I have a few questions about mapping rules between some RFC XML elements/attributes and Metanorma AsciiRFC markup:

  1. in Metanorma AsciiRFC markup, is the attributes (key=value) order important?

Not for key=value attributes. Style attributes, such as [source,...], do need to appear first.

  1. the attribute iref/@primary (https://tools.ietf.org/html/rfc7749#section-2.20.2)? I can't find any xml example.

I haven't implemented it; will implement it in https://github.com/metanorma/metanorma-ietf/issues/125, as indexterm2:[primary:firstterm] or indexterm:[primary:firstterm, secondterm, thirdterm]

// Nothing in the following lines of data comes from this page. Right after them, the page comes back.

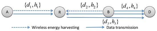 In our considered system model (see Figure 1), node A and node B are IoT nodes or sensors, which both intend to transmit their messages to the BS D with uplink NOMA to improve total spectrum efficiency. Due to long distance and deep fading between A and D, we assume that there is no direct link between them, and the relay R in the midst of A and B assists A to deliver the message to D. Considering that R is an energy-constrained node, and relay forwarding will consume additional energy expenditure, a TS relay protocol [] is employed at R to scavenge energy from A and B.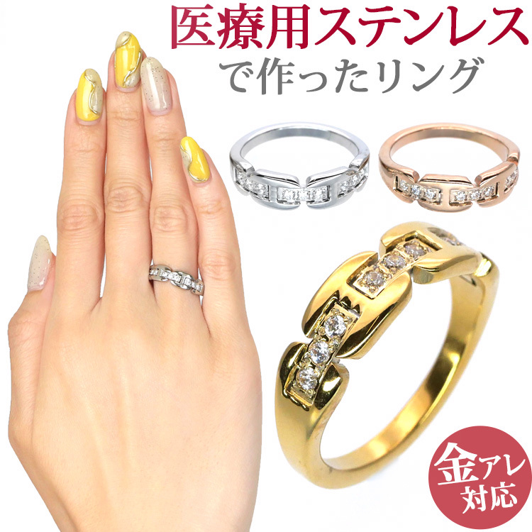 商品名: 金属アレルギー対応 ステンレスリング レディース 指輪 20代 30代 40代 50代 ladys レディス ジュエルチェーン スポーツ プール ゆびわ シルバー ゴールド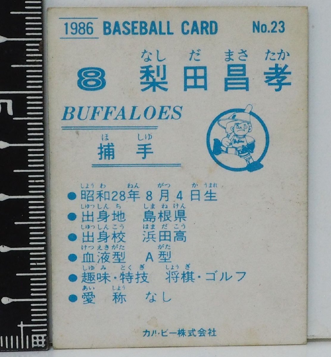 86年 カルビー プロ野球カード No.23【梨田 昌孝 捕手 近鉄バファローズ】昭和61年 1986年 当時物 Calbee おまけ 食玩 BASEBALL【中古】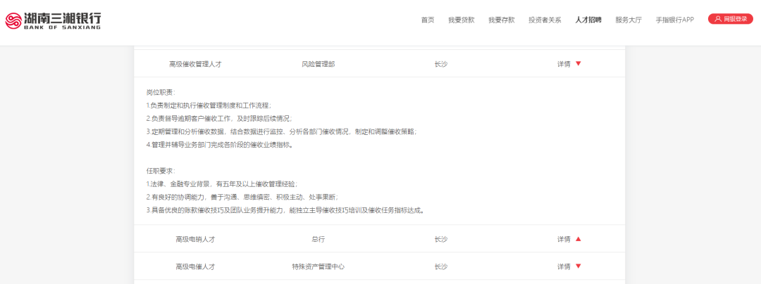 最先引发关注的是三湘银行的招聘公告。该行公告显示,面向全国招聘“高级催收管理人才”和“高级电催人才”,要求应聘人员具有大学本科及以上学历,有五年及以上催收相关经验。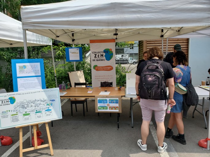 19 octobre 2023 : Nous avons tenu un kiosque au Salon du communautaire de Sainte-Foy–Sillery–Cap-Rouge organisé par le Carrefour d’actions territoriales. Le salon se tenait dans le centre commercial Place Quatre-Bourgeois avec une circulation permanente de personnes diversifiées. Nous présentions la Collectivité ZéN de Québec et notre démarche.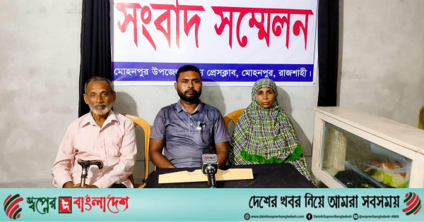 সংবাদ সম্মেলনে ভুক্তভুগী পরিবার জানান, রাজশাহীর দূর্গাপুর উপজেলার সূর্য্যভাগ গ্রামের আমজাদ আলীর মেয়ে আশুরা খাতুন (২৬) অর্থের লোভে একই গ্রামের ওমর আলীর ছেলে ফারুক হোসেনের বাড়িতে গত ১৬ আগস্ট বিয়ের দাবীতে অনশনের নাটক শুরু করে। এই মেয়ের মাধ্যমে অর্থের জন্য এলাকার কিছু দুষ্কৃতিকারীরা যোগ দিয়ে হুমকি প্রদান করছে ভুক্তভোগী পরিবারকে। পরে ছেলের মা বিমলা বিবি দূর্গাপুর থানায় গেলে নারী সিন্ডিকেটের লোকজনের বাঁধায় থানায় ঢুকতে না পেরে ফিরে আসেন। বর্তমানে আইনগত সেবা না পাওয়ায় ভুক্তভোগী পরিবারটি নিরাপত্তাহীনতায় ভুগছে। এঘটনার পর থেকে ভুক্তভোগী ফারুক হোসেনকে আর তার পরিবার খুজে পাচ্ছেনা। তাই নিরুপায় হয়ে জেলার মোহনপুর উপজেলায় গিয়ে সংবাদ সম্মেলন করেন ছেলের বাবা-মা ও ভগ্নিপতি।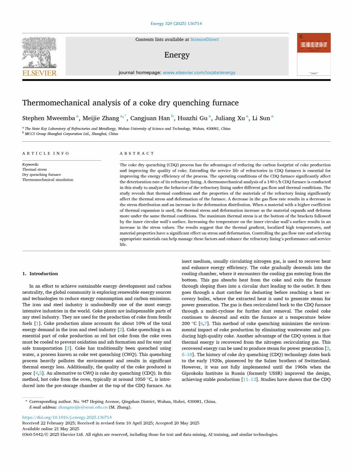武科大网讯 近日,Beat365官网材料学部顾华志、张美杰教授团队指导的留学生Stephen Mweemba,以第一作者身份在国际权威期刊《Energy》(影响因子:9;中科院工程技术大类一区)发表题为《Thermomechanical analysis of a coke dry quenching furnace》的高水平论文。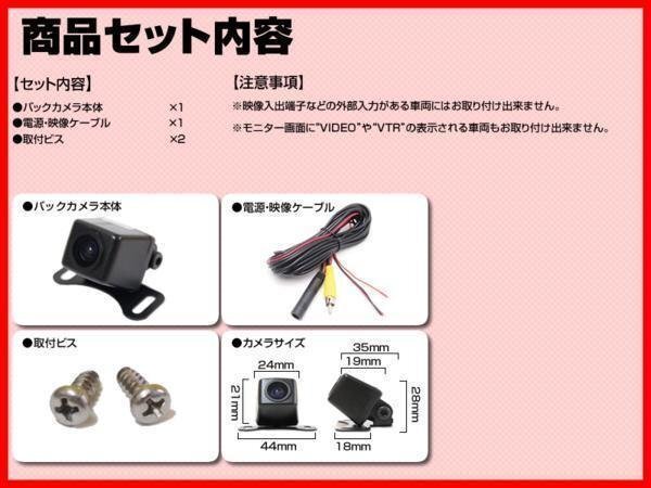 | ■視認性の高い広角タイプ 広角カメラなので視認性も高く、より確実な確認が出来ます。 また、バックカメラとして評価の高いCMOSセンサーを搭載しております。 ■汎用性の高いRCA接続 映像ケーブルは、RCA映像ケーブルとなります。 ※バックカメラ用のRCA映像入力があるカーナビ・モニター等へ接続出来ます。 ※注意事項※ メーカー純正品ではございませんので、純正品をお求めの方は購入しないで下さい。 |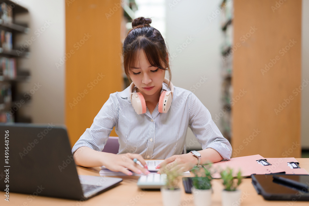 Asian Student Studying at Library Desk with Laptop, Calculator, Book, and Headphones for Educational Research and Academic Success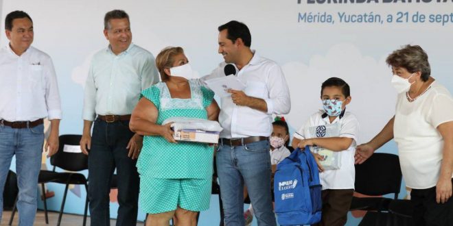 Mérida, Yucatán, 21 de septiembre de 2022.- Con la entrega de útiles escolares, uniformes y desayunos del programa “Impulso Escolar” a estudiantes de nivel básico, el Gobernador Mauricio Vila Dosal continúa refrendando su compromiso con la educación y desarrollo de la niñez yucateca, además de ayudar a la economía de los padres de familia, ya que estos materiales representan un ahorro de 2,850 pesos por cada hijo.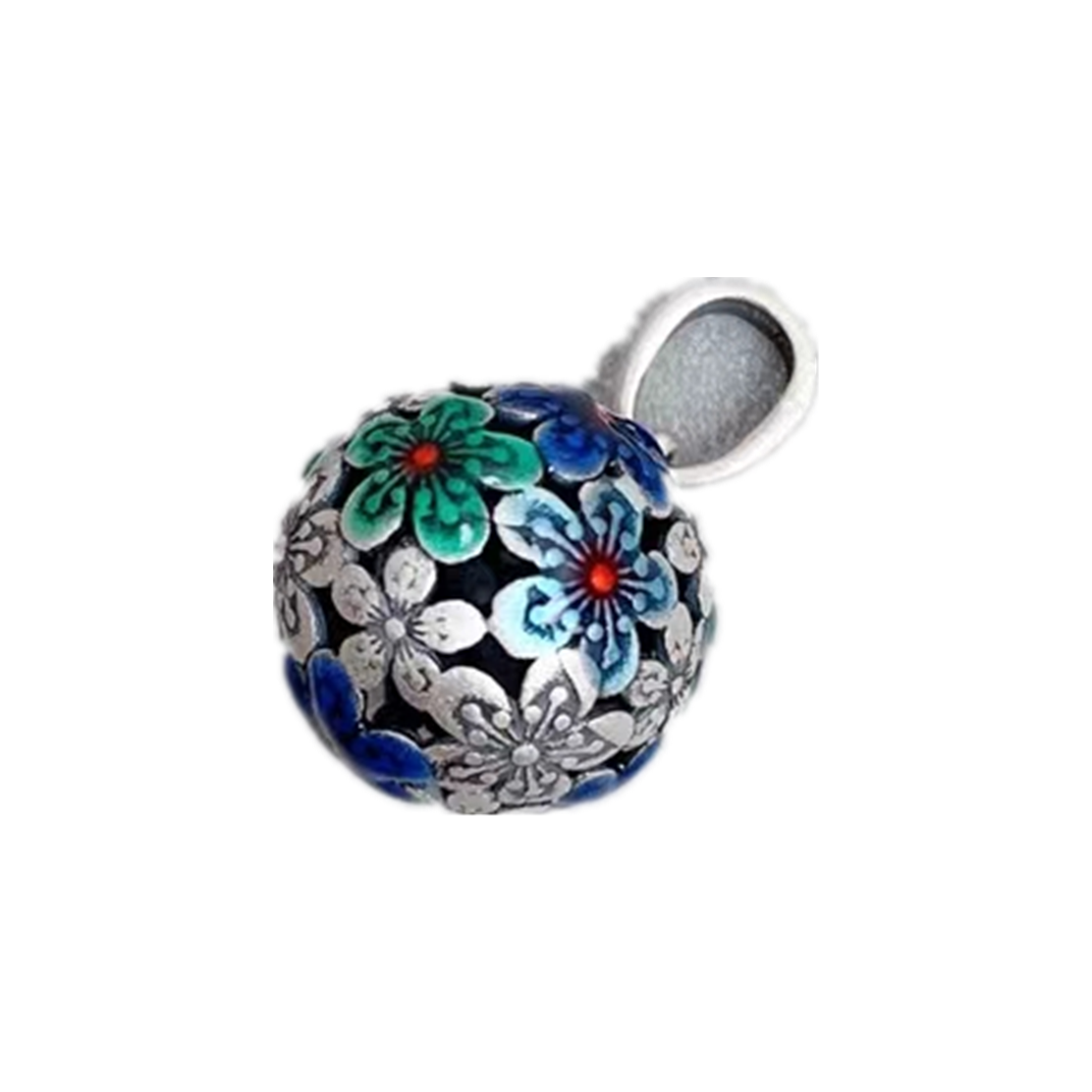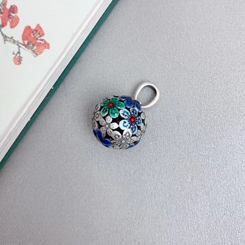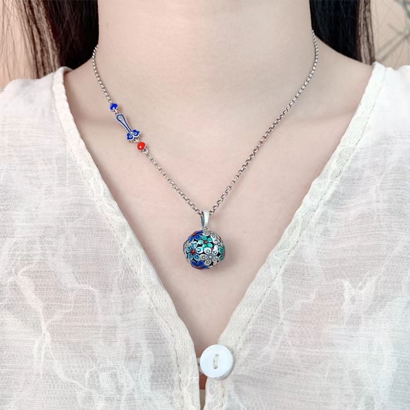 S925银圆形景泰蓝花绣球项链女锁骨链国风吊坠饰品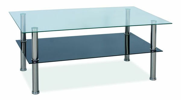 Elegantný konferenčný stolík Tessa sa bude krásne vynímať vo Vašej obývačke či pracovni. Stolík sa skladá z dvoch úrovní, ktoré sú rozmerovo totožné, obe sú taktiež z tvrdeného skla, kde vrchná časť je z priehľadného skla a spodná odkladacia časť je z čierneho skla.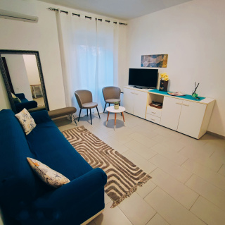 A two-room apartment of approximately 60 square meters in a relaxing area 1 km from the center, with private parking. Each room is air-conditioned. Prices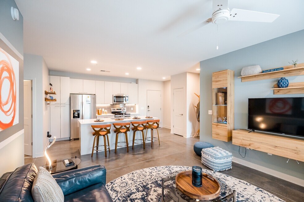 With thoughtful design and exclusive community amenities, The Backyard Apartments at One North is your destination for luxury apartments in North Kansas City, Missouri! We've redefined what upscale living means in our exceptional studio, one, and two bedroom apartments, that offer up to 1,190 square feet of living space with a collection of stylish interior touches. Come home to plank flooring, unique color palettes, floor-to-ceiling windows, amazing city views, a washer and dryer in-unit, and a variety of other modern finishes. Our gourmet kitchen, featuring elegant quartz countertops, will have you cooking like a pro in no time!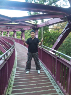 山中温泉で朝散歩。 アーティスティクな 『あやとり橋』 ん~これから散歩の始まりわくわくしますね(^O^)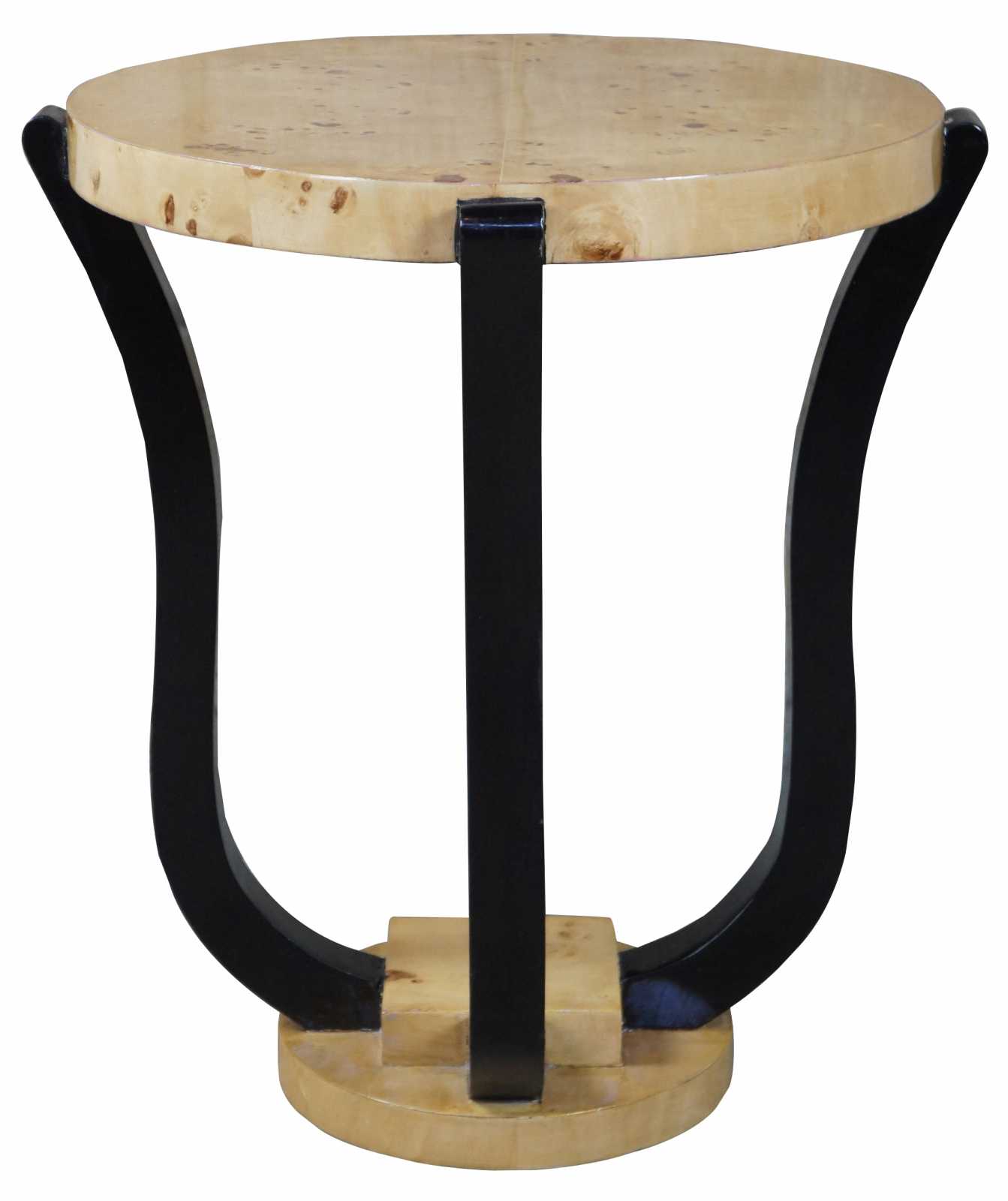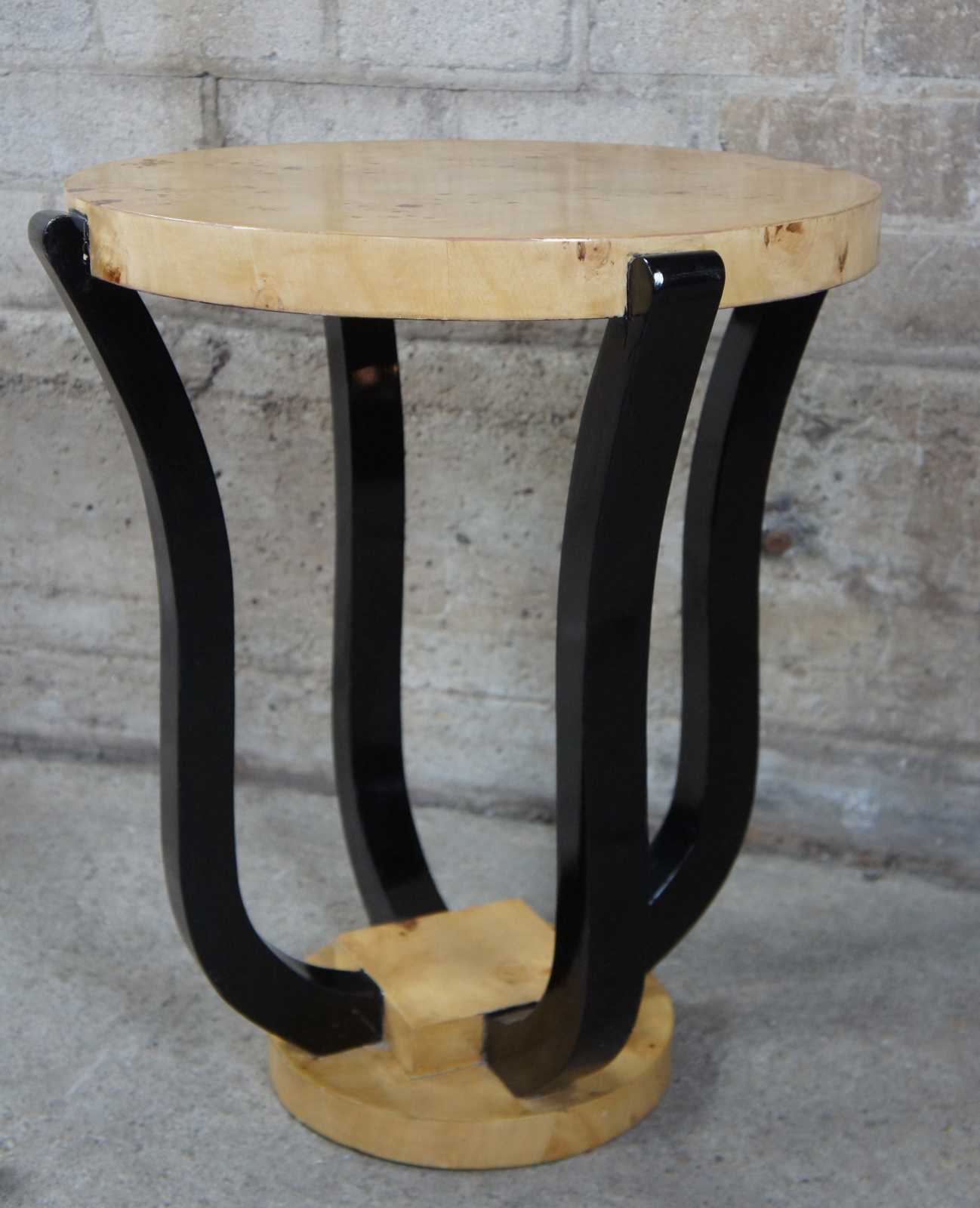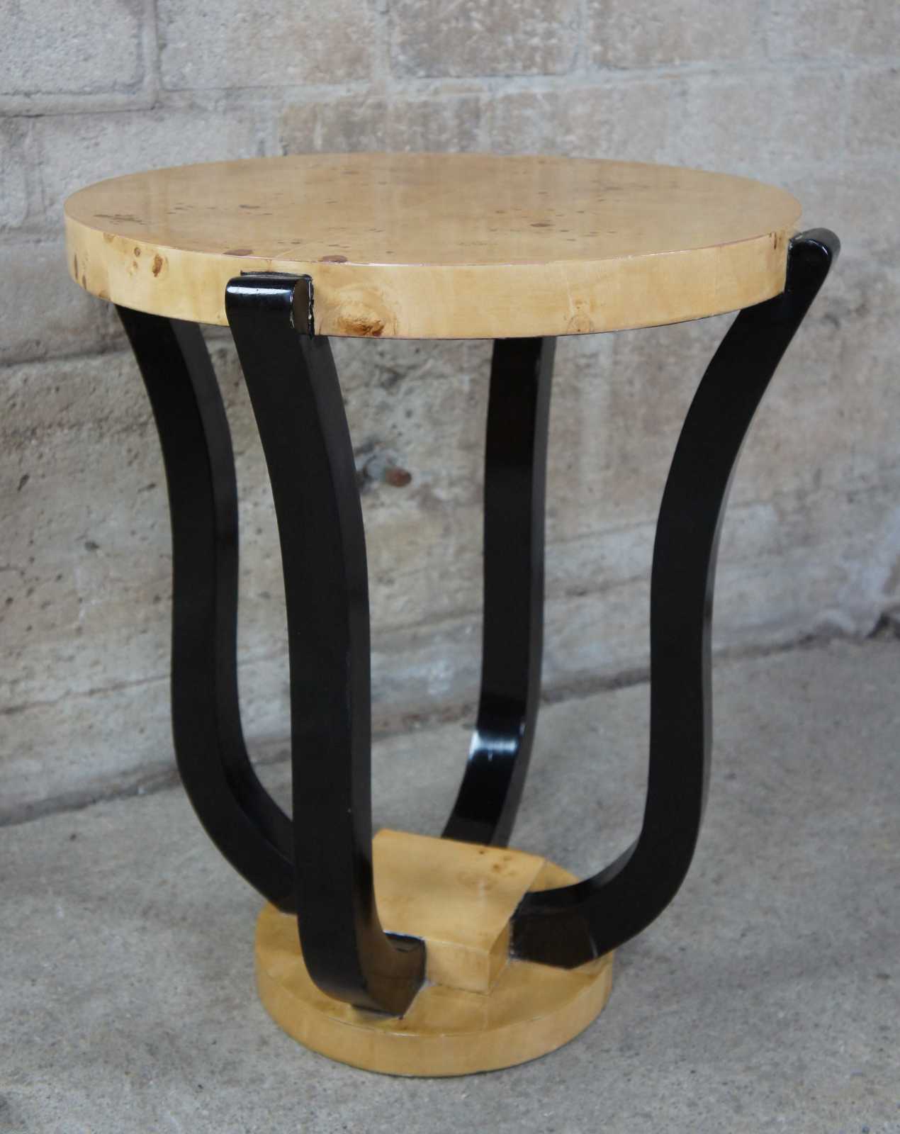 Late 20th century Biedermeier style side table, features a two tier design with birdseye maple and black lacquer supports.

  1. the element boilerplate(https://tools.ietf.org/html/rfc7991#section-2.11). Example (https://www.rfc-editor.org/rfc/rfc8650.xml):

That element appears to be supplied by the IETF editors; we do not populate it.

  1. the element displayreference (https://tools.ietf.org/html/rfc7991#section-2.19). Example (https://www.rfc-editor.org/rfc/rfc8651.xml):

No discrete element; instead, we would provide text for any eref referencing that element. So for <displayreference target="I-D.ietf-manet-dlep-da-credit-extension" to="DLEP-DIFFSERV"/>, any crossreference to it (so <<I-D.ietf-manet-dlep-da-credit-extension>>) would become <<I-D.ietf-manet-dlep-da-credit-extension, DLEP-DIFFSERV>>. However, that would obviously not round-trip to generate displayreference again. I'm ok with that.

  1. the element referencegroup (https://tools.ietf.org/html/rfc7991#section-2.41). Example (https://www.rfc-editor.org/rfc/rfc8722.xml):

Not directly implemented. Realise the example you've given as the following Asciibib, using the part-of relationship, although it is not going to round-trip:

[[BCP9]]
[%bibitem]
== {blank}
link: https://www.rfc-editor.org/info/bcp9
relation::
relation.type:: includes
relation.bibitem.docid.type:: IETF
relation.bibitem.docid.id:: RFC2026 
relation::
relation.type:: includes
relation.bibitem.docid.type:: IETF
relation.bibitem.docid.id:: ... 

Note that in practice, reference elements pointing to RFC references should be realised as autofetched references:

* [[[rfc2026,IETF RFC 2026]]]

As it turns out IETF BCP 9 should also be fetched (and its XML includes referencegroup: https://xml2rfc.tools.ietf.org/public/rfc/bibxml-rfcsubseries/reference.BCP.0009.xml). I am querying why that isn't working with @andrew2net: https://github.com/relaton/relaton-ietf/issues/44

  1. the attributes rfc/@scripts, rfc/@prepTime and rfc/@expiresDate (no example for last one) (https://tools.ietf.org/html/draft-iab-rfc7991bis-01#appendix-B.3)? Example (https://www.rfc-editor.org/rfc/rfc8650.xml):

IETF do not want prepTime included by authors, that gets generated by the editors, and I had to remove it from a previous version as it triggered a warning. All these attributes are populated by the "prepTool", which means that any author-supplied values are ignored. (And indeed, I would assume they trigger a warning if populated too.)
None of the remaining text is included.